Since the conflict, now in its second month, began, Iran has allowed only limited maritime traffic through the crucial waterway, contributing to a sharp rise in global energy prices.
The Guards' statement said Tangsiri had been organising coastal defences at the time of the strike and vowed that "we will not rest until the enemy is completely destroyed".
He is the latest senior Iranian official whose death in the war has been confirmed by Tehran.
Supreme leader Ali Khamenei was killed on the first day of the conflict on February 28, while Iran's influential security chief Ali Larijani was killed earlier this month, along with more than a dozen other prominent figures.
Katz had also said that other senior naval officers were killed in the same strike, though he did not provide further details.
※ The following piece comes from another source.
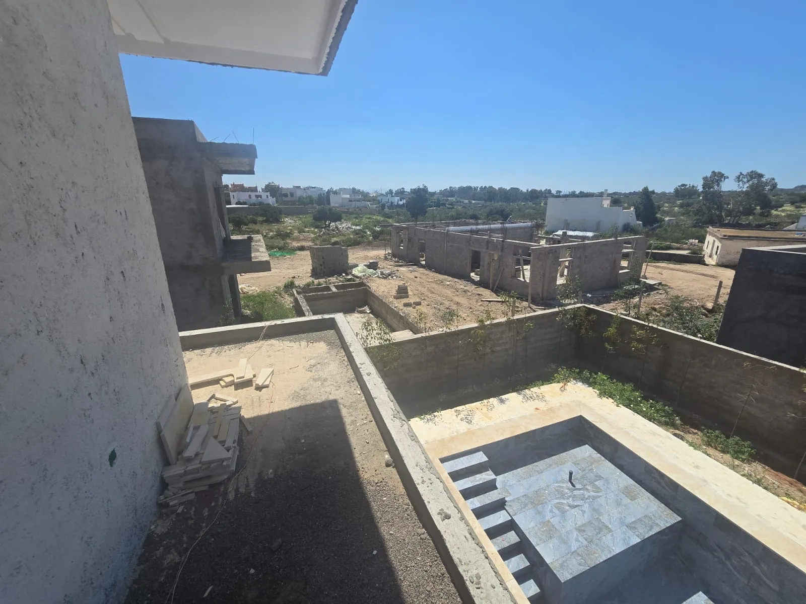 Dans un environnement résidentiel calme de Ghazoua, cette villa en cours de finition bénéficie d’un terrain spacieux de 600 m² à seulement quelques minutes d’Essaouira. Le projet combine espace extérieur généreux et distribution intérieure fonctionnelle, adapté à une vie confortable toute l’année.
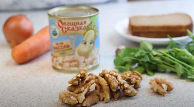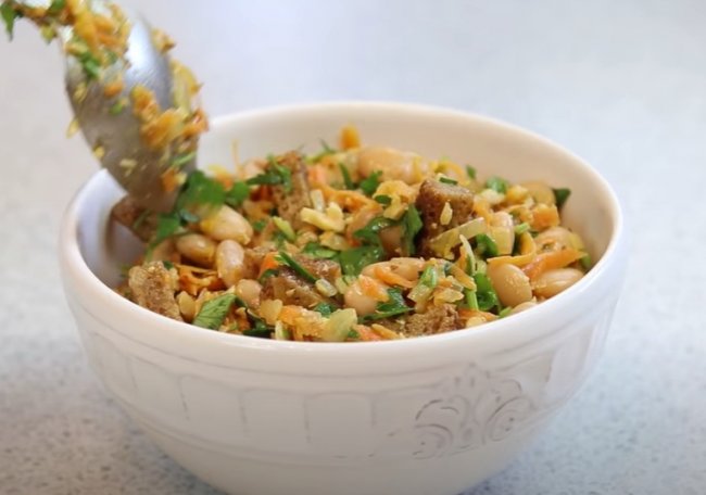 С фасолью можно приготовить еще один вкусный и питательный салат, в котором прекрасно сочетаются бобы, грецкие орехи и хрустящие сухарики. Салат получается вкусным и даже пикантным.

Earlier in March, Tangsiri had pledged to "deliver the harshest blows to the aggressor enemy" while maintaining the strategy of closing the Strait of Hormuz.
A veteran of the 1980-1988 Iran-Iraq war, Tangsiri was among the longest-serving senior figures in the force and one of its most prominent faces within Iran.
He was appointed in 2018 to head the Revolutionary Guards' naval wing, which is tasked with defending the Islamic republic against internal and external threats.
Under his leadership, the Guards' navy was significantly strengthened and in recent years had claimed responsibility for seizing several foreign vessels.
He was placed under US sanctions in 2019 under counter-terrorism measures.
While Israel and the United States have said the killings of senior officials have dealt a major blow to Iran, some analysts believe the country continues to show resilience and the ability to recover from setbacks.